▸ YOUR INSTRUCTIONS
Using the records below, give again exactly the lines from the line that contains "The apartments feature" through the line that contains "The maternal mortality", both ends included, and only those.

▸ TASK DATA

Segment Open

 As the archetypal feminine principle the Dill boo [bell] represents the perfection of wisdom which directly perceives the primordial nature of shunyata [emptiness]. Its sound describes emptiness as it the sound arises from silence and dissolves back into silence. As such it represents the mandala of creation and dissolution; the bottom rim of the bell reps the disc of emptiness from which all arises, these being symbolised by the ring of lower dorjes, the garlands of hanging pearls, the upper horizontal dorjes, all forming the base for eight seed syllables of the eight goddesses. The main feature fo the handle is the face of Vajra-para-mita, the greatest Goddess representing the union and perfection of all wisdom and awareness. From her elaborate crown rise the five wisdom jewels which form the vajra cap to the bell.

Segment Closed
Segment Open

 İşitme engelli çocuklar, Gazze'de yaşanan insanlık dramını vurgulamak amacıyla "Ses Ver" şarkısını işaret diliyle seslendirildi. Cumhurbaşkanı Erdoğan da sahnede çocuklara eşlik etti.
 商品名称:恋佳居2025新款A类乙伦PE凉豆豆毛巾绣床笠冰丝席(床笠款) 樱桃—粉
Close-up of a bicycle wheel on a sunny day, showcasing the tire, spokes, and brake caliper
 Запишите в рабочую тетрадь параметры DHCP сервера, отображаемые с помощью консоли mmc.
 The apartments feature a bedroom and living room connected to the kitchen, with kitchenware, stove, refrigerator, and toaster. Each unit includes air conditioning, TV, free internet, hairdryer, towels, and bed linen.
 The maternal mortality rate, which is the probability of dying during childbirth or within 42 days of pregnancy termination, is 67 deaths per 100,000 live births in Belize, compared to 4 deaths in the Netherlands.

Segment Closed

▸ WRITTEN SOLUTION
 The apartments feature a bedroom and living room connected to the kitchen, with kitchenware, stove, refrigerator, and toaster. Each unit includes air conditioning, TV, free internet, hairdryer, towels, and bed linen.
 The maternal mortality rate, which is the probability of dying during childbirth or within 42 days of pregnancy termination, is 67 deaths per 100,000 live births in Belize, compared to 4 deaths in the Netherlands.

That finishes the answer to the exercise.